The most well-resourced and well-organized defenders should be able to patch or eject adversaries quickly. But “quickly” is quite relative. Defenders likely would need to engage in “hand-to-hand combat” over days or weeks to expel electronic intruders, as the State Department found out in 2014 against Russian intelligence teams.
Such elite organizations are so rare that longtime security professional Richard Bejtlich has dubbed them the security one percent. The vast majority of defenders are not nearly capable enough to deal with these elite organizations, as they need an average of 75 days to contain a breach after detecting it.
So, narrowly targeted brandishing threats may be viable for more than long enough in a high-stakes crisis, even against well-defended organizations.
Worse still, the most successful brandishing may not be such one-to-one attacks against a lone target. Rather, the most spectacularly impactful cyber incidents have generally been “one-on-multitude.” In these types of attacks, adversaries use the scale afforded by the internet to affect hundreds, thousands, or millions of targets with the same campaign. The vast scale of such attacks will tempt states to use one-on-multitude attacks for brandishing purposes.

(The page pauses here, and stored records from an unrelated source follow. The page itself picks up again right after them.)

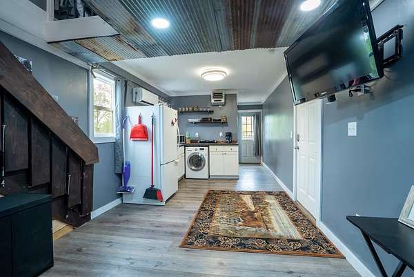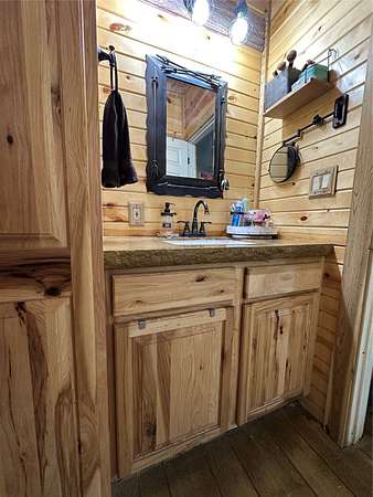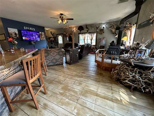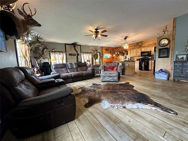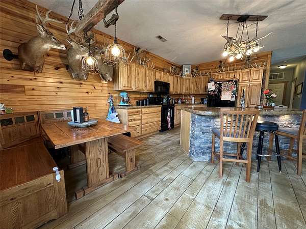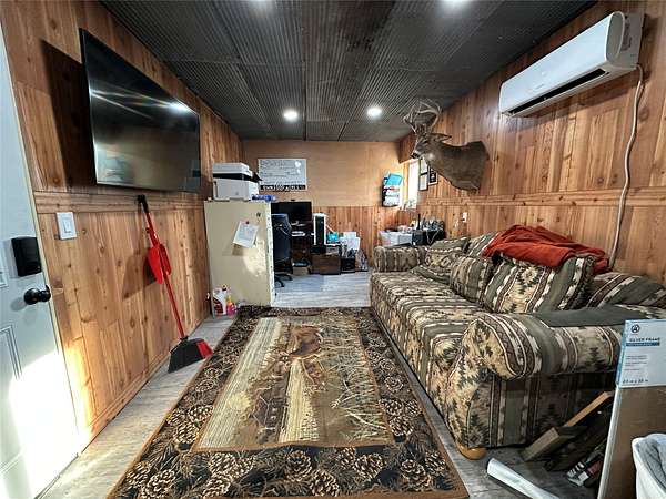 Welcome to this peaceful 10-acre retreat at the end of a dead-end lane in southern Madison County. This 2 bed/1 bath log veneer home offers an open-concept layout with the kitchen overlooking the dining and living areas. The kitchen is outfitted with beautiful hickory cabinets and concrete countertops, offering both charm and function. The home has central air, a furnace, and a cozy wood stove. Step outside to a large patio and a second concrete slab-currently used for a hammock but originally poured with a hot tub in mind. The property also features a 60'x40' shop with concrete floors and its own separate driveway. Inside the shop is a nearly 600 sq ft fully functioning Airbnb unit that sleeps five and includes its own bathroom. An additional office adjacent to the Airbnb could easily be converted into extra guest space. Outdoors, enjoy the peace of country life with a variety of fruit trees (apple, pear, and peach), a clover food plot, and included tower blind and treestand. The hunting opportunities are exceptional, with over 3,000 acres of public hunting within five minutes. Horse enthusiasts will appreciate the brand-new 80'x120' outdoor riding arena-installed just two months ago and negotiable with the sale. High-speed fiber internet is already installed, making working from home easy and reliable. This is a rare opportunity to own a private, well-rounded property with income potential, modern conveniences, and room to roam.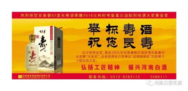 11月28日,不少豫酒业内人士发现,当日的河南日报一版报眼位置,出现一个新面孔——百泉春,醒目的“举杯寿酒,祝您长寿”广告语上方,是一行“热烈祝贺百泉春52度长寿酒荣获2016比利时布鲁塞尔国际烈性酒大奖赛金奖”的小字!画面简单大方,而又不失霸气。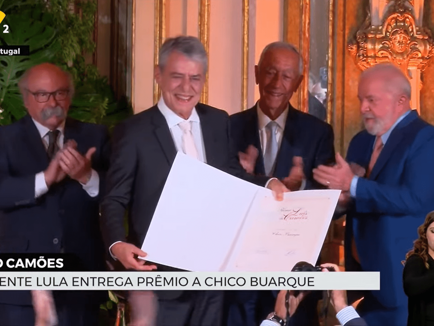 O presidente Luiz Inácio Lula da Silva e o presidente de Portugal, Marcelo Rebelo de Sousa, entregaram o Prêmio Camões, o principal da literatura em língua portuguesa, ao músico, dramaturgo e escritor brasileiro Chico Buarque. A cerimônia ocorreu nesta segunda-feira (24), no Palácio Queluz, em Lisboa.

The most relevant recent case study here is the Russian Sunburst campaign against SolarWinds and other organizations. Discovered in late 2020, it remains one of the most significant national security cyber operations ever. Yet three months later, the U.S. government could still only assert that it had “largely,” but not wholly, eradicated the Russian presence (that is, ejected them from federal systems, which is the third factor of brandishing power) which could enable Russian brandishing threats.
As I wrote in early 2022, before Russia’s invasion into Ukraine last February, imagine for a moment that Sunburst had not yet been discovered. If so, the Biden administration would have been facing:
a shocking misapprehension of the actual correlation of forces, completely underestimating the strength of Putin’s hand. The United States would be held at substantial risk, and no one would know. At least, no one outside of Russia …
Even with existing malware functionality, the Russian espionage team could have rebooted all infected systems at a specific time, say just after a major Putin speech warning the United States to back down.
Such a cyber brandishing move might have been counterproductive given what is now known about the strength of U.S. and European support for Ukraine. That, however, is perhaps more about geopolitics than because cyber is an inherently weak weapon to brandish.
Lessons about cyber conflict must be based not just on abstract assessments of their characteristics but on the technical and historical realities. Revealing a specific capability does start the clock on its obsolescence, but that clock does wind down slowly. Cyber capabilities, moreover, have and will continue to be useful for brandishing.
In the long peace after the end of the Cold War, there were few reasons to brandish any kind of weapons, as states simply did not invade one another. States will be willing to take more risks in the coming crises of great power competitions, with Russia already making nuclear threats. Brandishing of all types will become more common.
Some of that brandishing will be of cyber capabilities and, surely, much of that will be bluster and hype. But cyber capabilities can be dangerous and can be brandished. Policymakers must continue to respect that danger.